Читать книгу Principles of Virology - Jane Flint, S. Jane Flint - Страница 293

Reassortment is the exchange of entire RNA molecules between genetically related viruses with segmented genomes. In cells coinfected with two different influenza viruses, the eight genome segments of each virus replicate. When new progeny virus particles are assembled, they can package RNA segments from either parental virus. Because reassortment is the simple exchange of RNA segments, it can occur at high frequencies.

In contrast to reassortment, recombination is the exchange of nucleotide sequences among different genomic RNA molecules (Fig. 6.27). Recombination, a feature of many RNA viruses, is an important mechanism for producing new genomes with selective growth advantages. This process has shaped the RNA virus world by rearranging genomes and creating new ones.
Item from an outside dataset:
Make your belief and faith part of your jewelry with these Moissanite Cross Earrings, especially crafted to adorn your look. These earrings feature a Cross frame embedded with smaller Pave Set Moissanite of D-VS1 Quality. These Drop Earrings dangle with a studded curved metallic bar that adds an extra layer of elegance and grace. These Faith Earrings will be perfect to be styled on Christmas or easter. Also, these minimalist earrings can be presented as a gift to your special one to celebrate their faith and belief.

RNA recombination was first discovered in cells infected with poliovirus and was subsequently observed for other (+) strand RNA viruses. The frequency of recombination can be relatively high: it has been estimated that 10 to 20% of polioviral genomic RNA molecules recombine in a single growth cycle. Recombinant polioviruses are readily isolated from the feces of individuals immunized with the three serotypes of Sabin vaccine. The genome of such viruses, which are recombinants of the vaccine strains with other enteroviruses found in the human intestine, may possess an improved ability to reproduce in the human alimentary tract and have a selective advantage over the parental viruses.
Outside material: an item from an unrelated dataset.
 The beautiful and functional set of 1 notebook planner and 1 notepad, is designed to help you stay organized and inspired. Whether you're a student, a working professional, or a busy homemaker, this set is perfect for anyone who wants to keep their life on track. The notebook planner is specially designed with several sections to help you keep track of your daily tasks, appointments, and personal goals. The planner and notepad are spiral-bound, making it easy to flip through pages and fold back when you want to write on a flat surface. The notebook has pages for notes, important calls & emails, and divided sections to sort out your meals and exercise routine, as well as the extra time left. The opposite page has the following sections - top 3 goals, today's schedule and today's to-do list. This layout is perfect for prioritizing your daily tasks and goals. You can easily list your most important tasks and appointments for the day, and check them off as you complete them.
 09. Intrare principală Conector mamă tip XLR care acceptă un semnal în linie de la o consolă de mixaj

Recombination can occur by two different mechanisms: nonreplicative, the nonhomologous end joining of two different RNA molecules; or replicative, the switching of templates. Nonreplicative recombination is highly inefficient and thought to influence virus evolution minimally. Replicative recombination mainly occurs between nucleotide sequences of two parental genome RNA strands that have a high percentage of nucleotide identity. This mechanism of RNA recombination is coupled with the process of genome RNA replication: it occurs by template switching during (−) strand synthesis. The RNA polymerase first copies the 3′ end of one parental (+) strand, then switches templates and continues synthesis at the corresponding position on a second parental (+) strand. The exact mechanism of template exchange is not known, but it might be triggered by pausing of the polymerase during chain elongation or damage to the template. Template switching in poliovirus-infected cells occurs predominantly during (−) strand synthesis because the concentration of (+) strand acceptors for template switching is 30 to 70 times higher than that of (−) strand acceptors. A prediction of the replicative mechanism, which has been verified experimentally, is that recombination frequencies should be lower between the genomes of different poliovirus serotypes.
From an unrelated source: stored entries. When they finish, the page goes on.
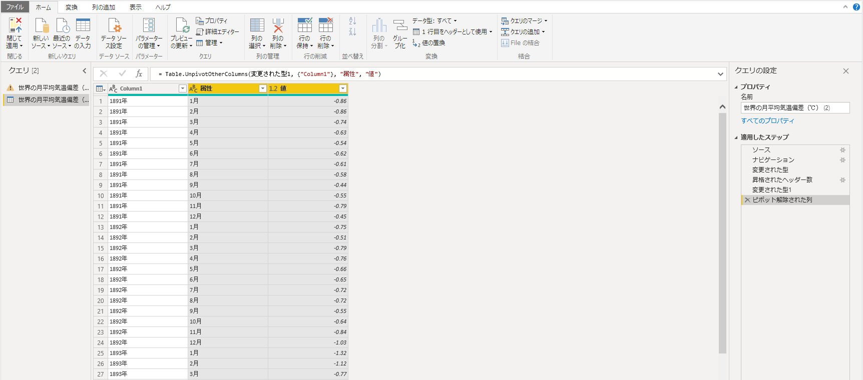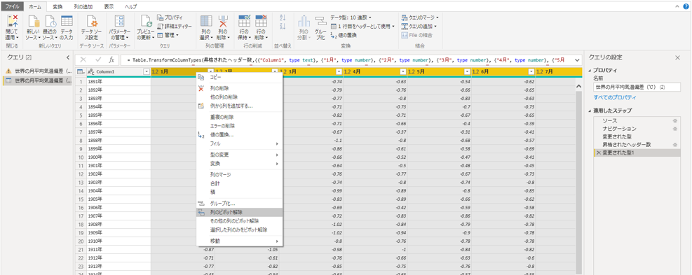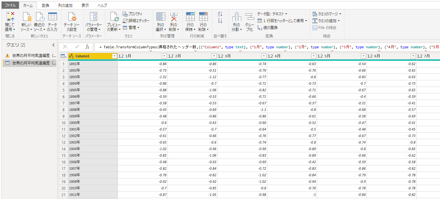 変更された型1 = Table.TransformColumnTypes(昇格されたヘッダー数,{{"Column1", type text}, {"1月", type number}, {"2月", type number}, {"3月", type number}, {"4月", type number}, {"5月", type number}, {"6月", type number}, {"7月", type number}, {"8月", type number}, {"9月", type number}, {"10月", type number}, {"11月", type number}, {"12月", type number}}),
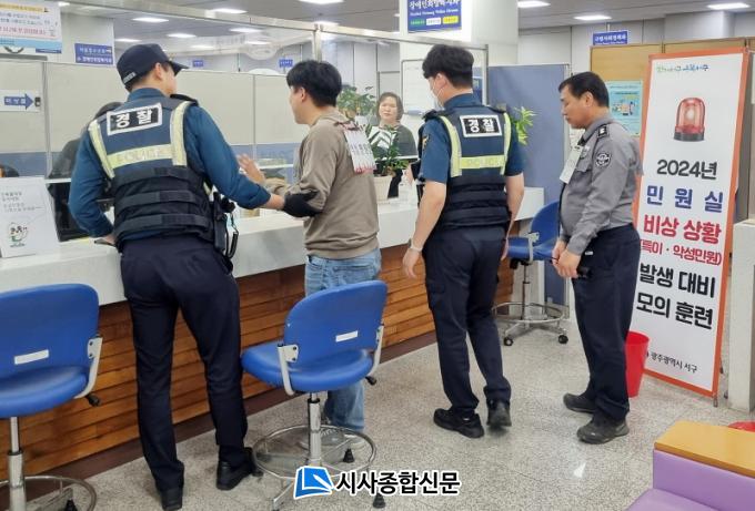 ¼±¸´Â Áö³´Þ 30ÀÏ Æø¾ð․ÆøÇà․À§Çù․³µ¿ µîÀ¸·ÎºÎÅÍ ¹Î¿ø´ã´ç °ø¹«¿øÀ» º¸È£ÇÏ°í ºñ»ó»óȲ ¹ß»ý ½Ã Á÷¿øÀÇ ´ëÀÀ´É·ÂÀ» Çâ»ó½Ã۱â À§ÇØ ¼ºÎ°æÂû¼¿Í ÇÕµ¿À¸·Î ¡®2024³â »ó¹Ý±â ¹Î¿ø½Ç ºñ»ó»óȲ ´ëºñ ¸ðÀÇÈÆ·Ã¡¯À» ½Ç½ÃÇß´Ù.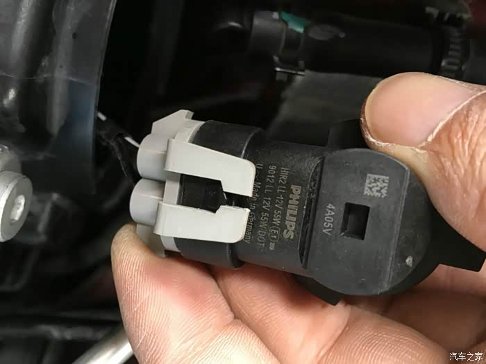 原车卤素大灯逆时针旋转直到卡扣可以从灯座中取出,此时的操作最好用个手电筒照明方便操作。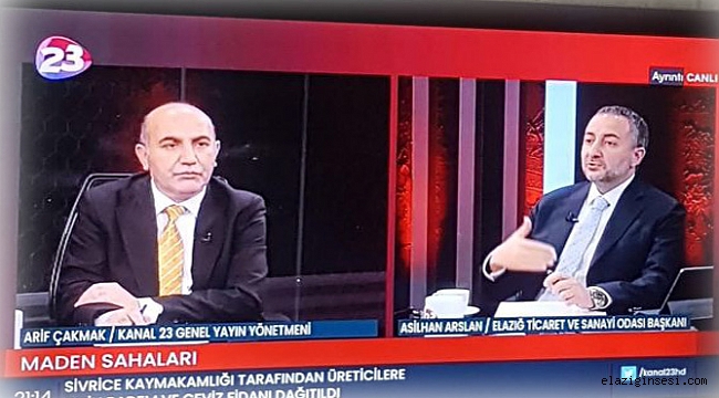 Elazığ TSO Yönetim Kurulu Başkanı Asilhan Arslan dün akşam Kanal 23 Genel Yayın Yönetmeni Arif Çakmak Tarafından hazırlanan Ayrıntı programında Maden ilçesinde MTA tarafından tespit edilen ve Türkiye’nin bugüne kadarki en zengin bakır maden yatağı olarak açıklanan sahanın Elazığ iş dünyası tarafından işletilmesiyle ilgili süreçler hakkında çok önemli değerlendirmelerde bulundu.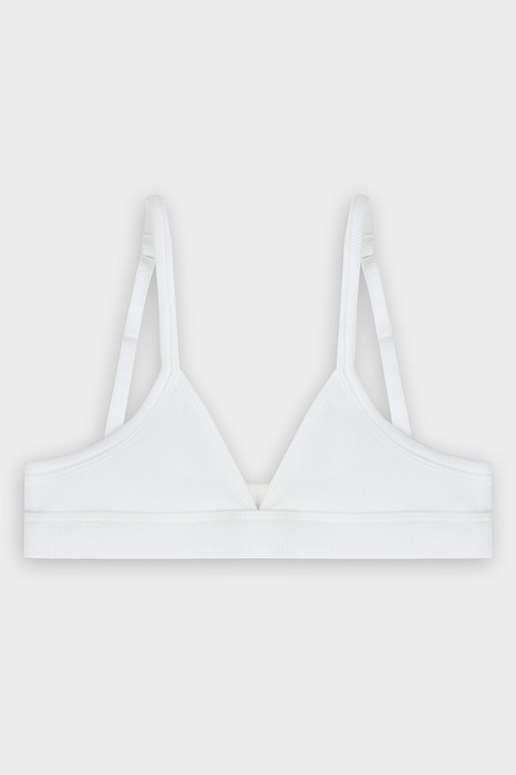 Топ прилегающего силуэта, без каркаса. Чашки без выточек с подкладкой из кулирного полотна SJ-6 (SJ-009.01.170), 95% хлопок; 5% эластан, 180 см, 170 гр/м?. По верхнему краю чашки с изнаночной стороны в подгибке эластичная тесьмавнутри (жилка тканая WT4-6) ширина -6 мм. Верхний срез спинки и проймы окантован бейками из основного полотная с эластичной тесьмой внутри (жилка тканая WT4-10) ширина 10 мм. Бретели SWE3-10, ширина 10 мм. На бретелях: кольца и регуляторы. Низ топа окантован бейкой из основным полотном с эластичной тесьмой внутри (внутренняя резина 25RV) ширина -25мм.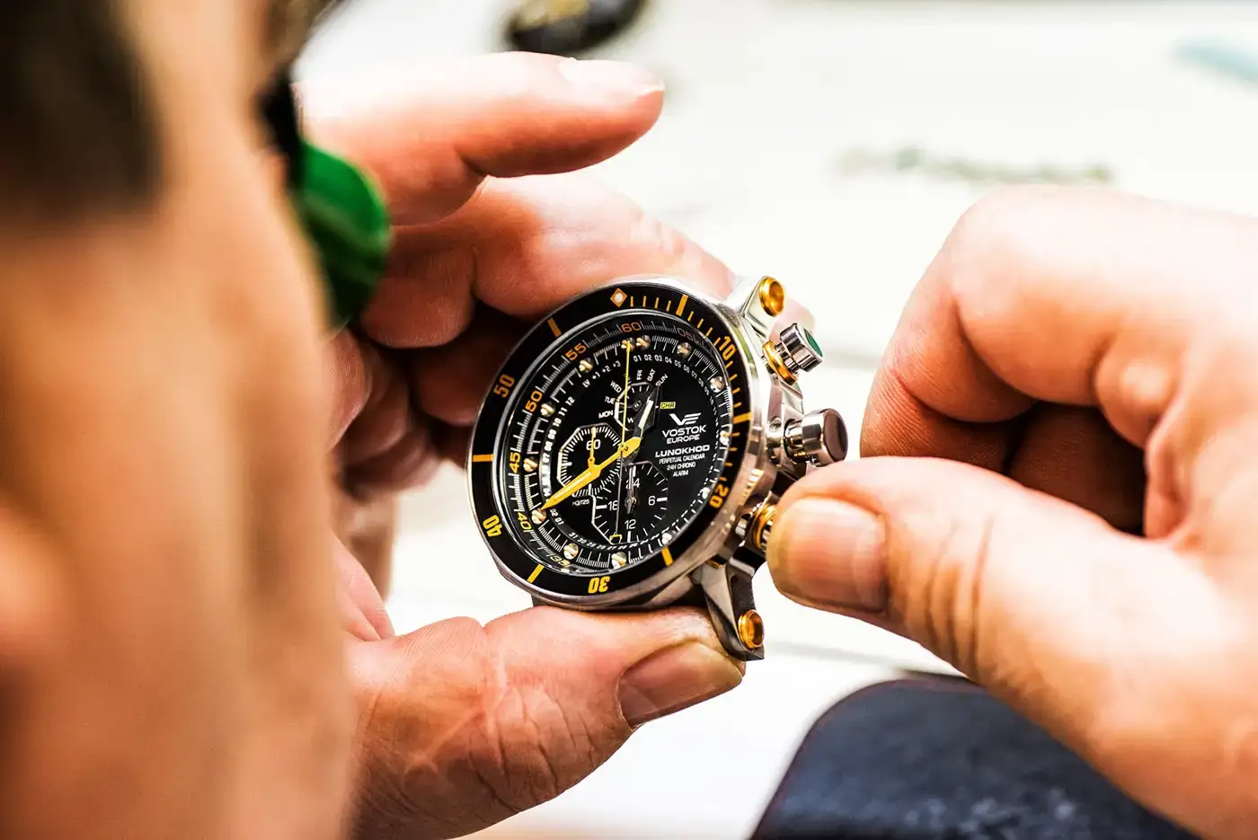 Ciferník tohoto modelu je skutečným technologickým mistrovským dílem – jeho vícevrstvá konstrukce je chráněna tvrzeným sklem K1 o působivé tloušťce 3,5 mm, což zajišťuje maximální odolnost proti poškrábání a nárazům. Největší inovací těchto hodinek je použití 13 švýcarských tritiových trubic na ciferníku a 2 na ručičkách, což zaručuje vynikající čitelnost i v naprosté tmě. Na rozdíl od standardního podsvícení tritium nevyžaduje nabíjení slunečním světlem a udržuje nepřetržitý jas po dobu nejméně 10 let. Díky tomu jsou Vostok Europe Lunokhod-2 nejen spolehlivým měřicím nástrojem, ale také ideálním společníkem pro extrémní expedice – od podzemních výprav až po vesmírné mise. Dalším významným prvkem je průhledné dýnko, které odhaluje precizně zpracovaný mechanismus a dodává hodinkám exkluzivní charakter.

Figure 6.27 RNA recombination. Schematic representation of RNA recombination occurring during template switching by RdRP. Two parental genomes are shown as acceptor and donor. The RNA polymerase (purple oval) has copied the 3′ end of the donor genome and is switching to the acceptor genome. The resulting recombinant molecule is shown.

Alteration of amino acids within the poliovirus 3D^pol thumb domain that directly interact with the RNA duplex led to the identification of Leu420 as critical for replicative recombination. This amino acid is located within an α-helix of the thumb domain in the exit channel for product RNA. It interacts with the ribose group of the third nucleotide of the product RNA strand, away from the active site. The change affects genomic recombination by reducing the initiation rate and the stability of 3D^pol elongation complexes without substantially affecting fidelity. The same amino acid change at 3D^pol Leu420 also dramatically increases sensitivity of viral replication to ribavirin. Consequently, it has been suggested that RNA recombination purges lethal mutations from viral genomes, avoiding ribavirin-induced error catastrophe.

Occasionally recombination occurs between viral and cellular RNAs. An example is a recombination reaction that leads to the appearance of cytopathic bovine viral diarrhea viruses (Box 6.6). The insertion of cellular sequences creates a new protease cleavage site at the N terminus of the NS3 protein, and the recombinant viruses also cause severe gastrointestinal disease in livestock.

If the RdRP skips sequences during template switching, deletions will occur. Such RNAs will replicate if they contain the appropriate signals for the initiation of RNA synthesis. Because of their smaller size, subgenomic RNAs replicate more rapidly than full-length RNA, and ultimately compete for the components of the RNA synthesis machinery. Because of these properties, they are called defective interfering viral genomes. Such RNAs can be packaged into viral particles only in the presence of a helper virus that provides viral proteins. Defective interfering particles accumulate during the replication of most, if not all, RNA viruses. These particles can interfere with the replication of nondefective viruses and are strong inducers of interferon. Consequently, they can influence the outcome of virus infections and the establishment of virus persistence (Volume II, Chapter 3).